What is CVE-2025-1338?

A medium-severity command injection vulnerability affects NUUO Camera up to version 20250203. Organizations must assess the risk and prioritize updates to mitigate potential exploitation.

What is the severity of CVE-2025-1338?

CVE-2025-1338 has a severity rating of MEDIUM with a CVSS base score of 6.9.

CVE-2025-1338 | Medium Vulnerability in NUUO Camera

A vulnerability was found in NUUO Camera up to 20250203. It has been declared as critical. This vulnerability affects the function print_file of the file /handle_config.php. The manipulation of the argument log leads to command injection. The attack can be initiated remotely. The exploit has been disclosed to the public and may be used. The vendor was contacted early about this disclosure but did not respond in any way. Risk to organizations includes unauthorized command execution, which could lead to further system compromise.

With a CVSS score of 6.9, this vulnerability is classified as medium severity. Organizations using affected versions are advised to assess their exposure and implement necessary mitigations to prevent potential exploitation.

Vulnerability Details

The vulnerability is characterized as a command injection issue, specifically affecting the NUUO Camera's file handling mechanism.
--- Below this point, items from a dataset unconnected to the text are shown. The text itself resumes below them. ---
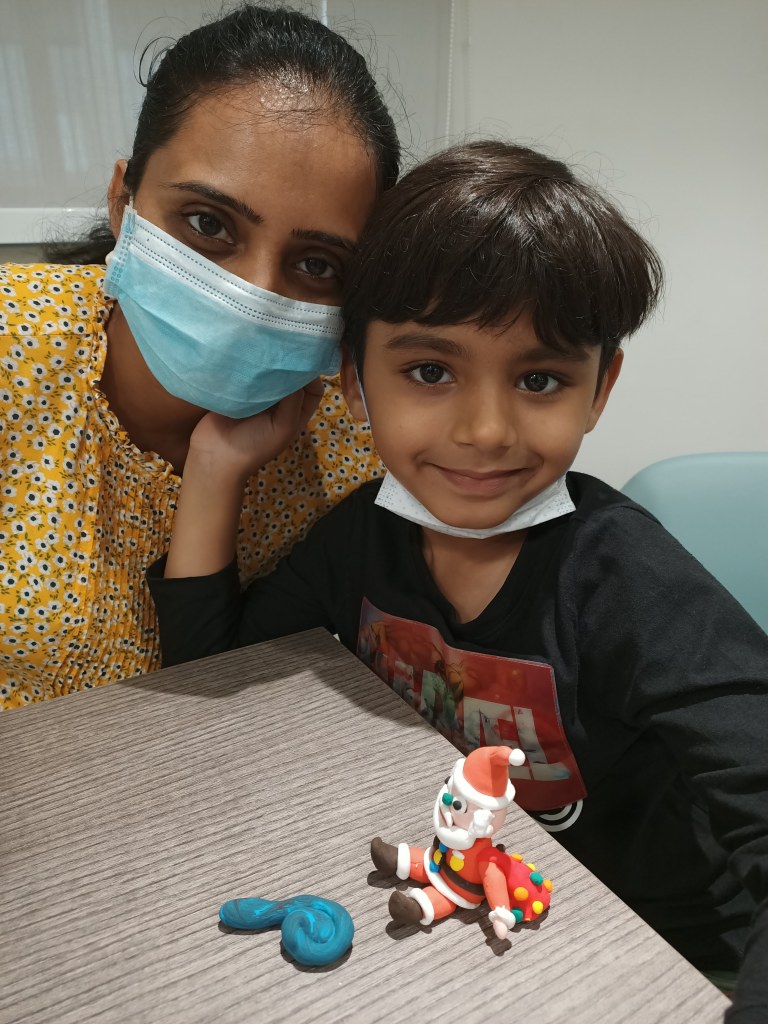 Here in my two workshops, the children had expressed different looks of Santa using non-toxic air dry clay!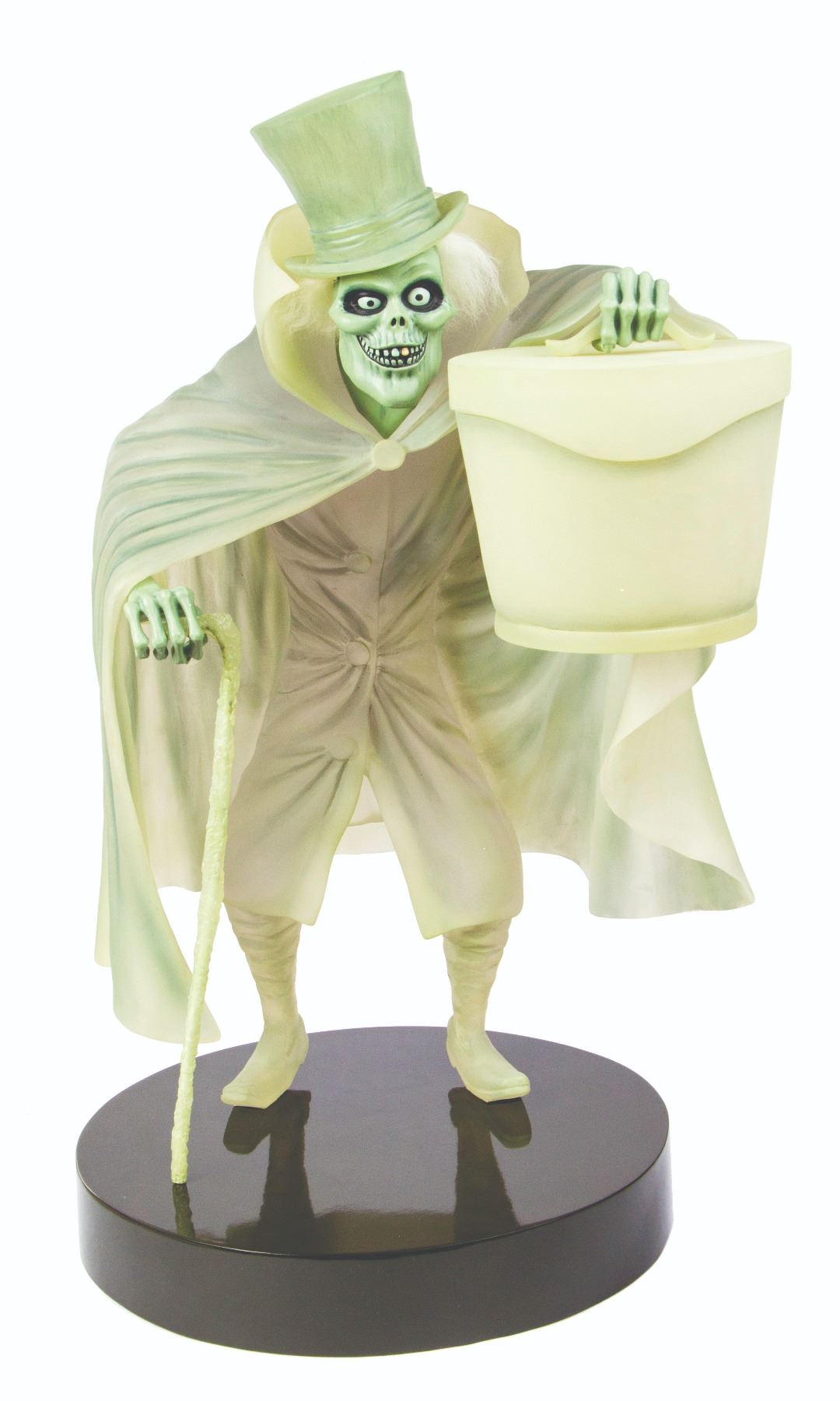 (Disneyland, 2005) A very rare light-up "Big Fig" created by Kevin Kidney and Jody Daily for the 50th Anniversary of Disneyland. Accomplished in resin and metal with faux hair, this Big Fig replicated the infamous Hatbox Ghost from the "Haunted Mansion" attraction. Battery operated lights give the Hatbox Ghost's eyes a ghoulish glow, with a convenient on-off switch hidden on the side of the head. This item measures an astounding 24" tall and is in very good condition.
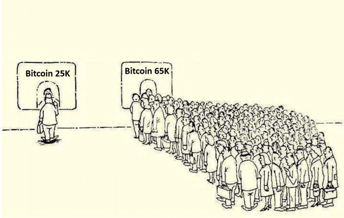 随着价格的不断走高,强者愈强的马太效应也开始在过去几周发挥作用,并吸引着越来越多的投资者投身其中。有圈内人士的一组漫画就颇为形象地显示,在价格此前回落长期处于25000美元时,比特币无人问津;而如今在升破65000美元后,比特币的门口则再度排起了长龙。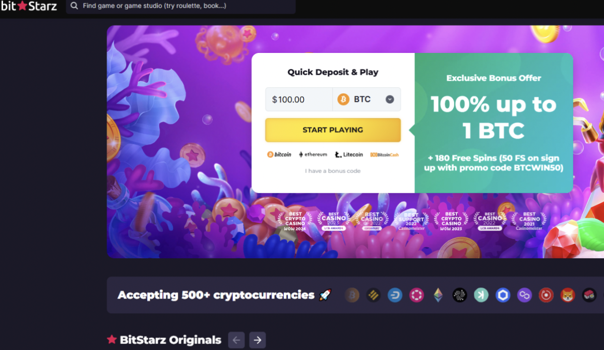 BitStarz supports over 500 cryptocurrencies, including popular options like Bitcoin (BTC), Ethereum (ETH), Litecoin (LTC), and niche cryptocurrencies like Ripple (XRP). Stellar (XLM), Chainlink (LINK), etc. This makes online gambling accessible to a wider range of players.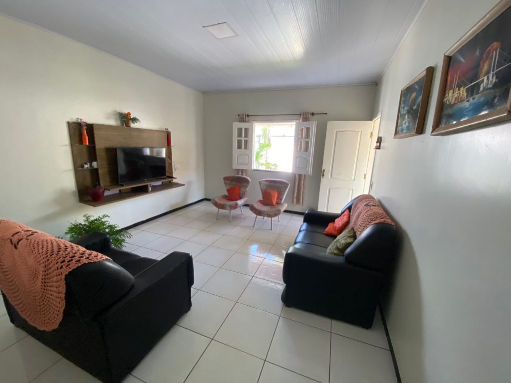 A casa acomoda confortavelmente até 08 pessoas, ideal para famílias ou grupos de amigos.

The CVSS score reflects a medium risk level, indicating that while the threat is serious, it may not be as immediately impactful as higher-severity vulnerabilities.

Technical Analysis

Root cause analysis indicates that improper validation of user input in the log argument allows for command injection. The attack vector is network-based, requiring no user interaction, and the attack complexity is low, making it easier for attackers to exploit.

Risk & Impact Analysis

Real-world deployment of NUUO Camera without necessary updates poses a risk of unauthorized command execution, potentially leading to data leakage or system downtime. Organizations should prioritize patching immediately.

Exploitation Status

Signal	Status
Known Exploit	Yes
Public PoC	Yes
Actively Exploited	No
Ransomware Use	No

Affected Versions

All versions prior to vendor patch are affected by this vulnerability.

Mitigation & Remediation

Organizations should apply relevant patches as soon as they are available. For additional support, organizations can utilize penetration testing services to validate their remediation efforts.

Detection Guidance

Monitoring logs for suspicious command execution attempts, and unusual access patterns can help in early detection of exploitation attempts.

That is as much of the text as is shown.